By Shinichi Saoshiro
TOKYO (Reuters) - Asian shares and the dollar rose on Tuesday as tensions in Ukraine were eclipsed by a strong night on Wall Street, with Indian equities rallying hard on hopes an election victory for the business-friendly opposition party would spur a revival in the region's third-biggest economy.
MSCI's broadest index of Asia-Pacific shares outside Japan advanced 0.6 percent and Tokyo's Nikkei gained 1.9 percent.
The Dow and S&P 500 hit record closing highs on Monday, as strong corporate results and an improving economic outlook spurred a broad rally on Wall Street.
Indian shares rose 0.9 percent to hit a new record high, boosted by exit polls predicting India's business-friendly opposition party winning in the world's biggest ever elections.
Still, analysts warn against exuberance as exit polls by media organisations have proven unreliable in the past. The actual results for India's five-week long elections will be out on Friday.
"A lot of expectation-based flows have come through. Looking through the noise, if the base scenario (opposition majority) happens, two things change structurally - first, you get a pro-investment government and one that is focused on infrastructure," said Salman Ahmed, global fixed income strategist for Lombard Odier Investment Managers in London.
Moreover, "a strong government that understands the need for infrastructure should be able to get reforms in place and put in place the conditions for long-term growth," Ahmed said.
Equity markets have so far brushed off a weekend referendum in Ukraine, where pro-Moscow rebel organizers said nearly 90 percent had voted in favour of self-rule, possibly inflaming the conflict.
"Investors are so far taking (Russian President Vladimir) Putin at his word that eastern Ukraine will not be repeat performance of Crimea and don't seem too concerned about the next round of US/EU sanctions given the weakness of those offered to date," Jasper Lawler, market analyst at CMC Markets, wrote in a note to clients.
"With Donetsk now officially asking to join Russia, Putin's diplomacy will be fully put to the test," Lawler added.

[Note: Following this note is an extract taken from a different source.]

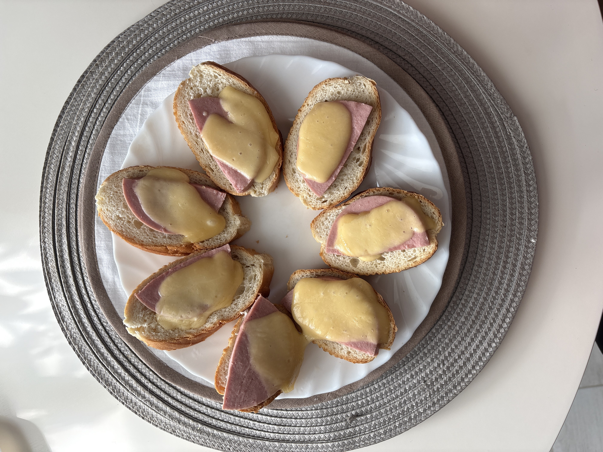 The image, reportedly from Votkinsk, Russia, displays an overhead view of a white, round plate centered on a dark grey, woven placemat. Seven open-faced sandwiches are arranged in a circular formation on the plate. Each sandwich consists of an oval-shaped slice of white bread, topped with a slice of pinkish-brown processed meat, and a melted, glossy layer of yellow cheese or cheese sauce. The placemat rests on a light-colored, reflective tabletop. Shadows are visible on the tabletop to the left and top, indicating an indoor setting with illumination from an unseen source. No individuals, specific actions, or further environmental identifiers for the stated city location are present.

The markets are also likely to be focused on industrial production and retail sales data from China expected later on Tuesday. Weak readings could depress risk-sentiment, though they may also fuel expectations for further stimulus measures from Beijing.
China's economy is growing at its slowest pace in decades, with recent data suggesting a challenging outlook over the next year.
The dollar brushed a one-week high of 102.25 yen, helped by higher U.S. Treasury yields on investor caution ahead of a slew of data this week that could paint a brighter economic picture.
The euro remained on the defensive at $1.3755, stuck close to a one-month low of $1.3745 hit on Friday after European Central Bank President Mario Draghi fired a verbal warning against the common currency's recent gains.
The benchmark 10-year U.S. Treasury note yielded 2.66 percent after hitting 2.67 percent on Monday, its highest since May 2.
The oil market remained a little more sensitive to tensions in the Ukraine, with U.S. crude steady at $100.54 a barrel after gaining 60 cents on Monday.
Three-month nickel on the London Metal Exchange surged to $21,625 a tonne - its highest since February 2012, as the threat of tougher Western sanctions on the world's biggest producer Russia compounded concerns about Indonesia's ban on unprocessed ore exports.
LME copper stayed within range of a two-month peak hit Monday on top copper consumer China's pledge last week to push ahead with a broad range of capital market reforms and on growing worries about dwindling global exchange inventories.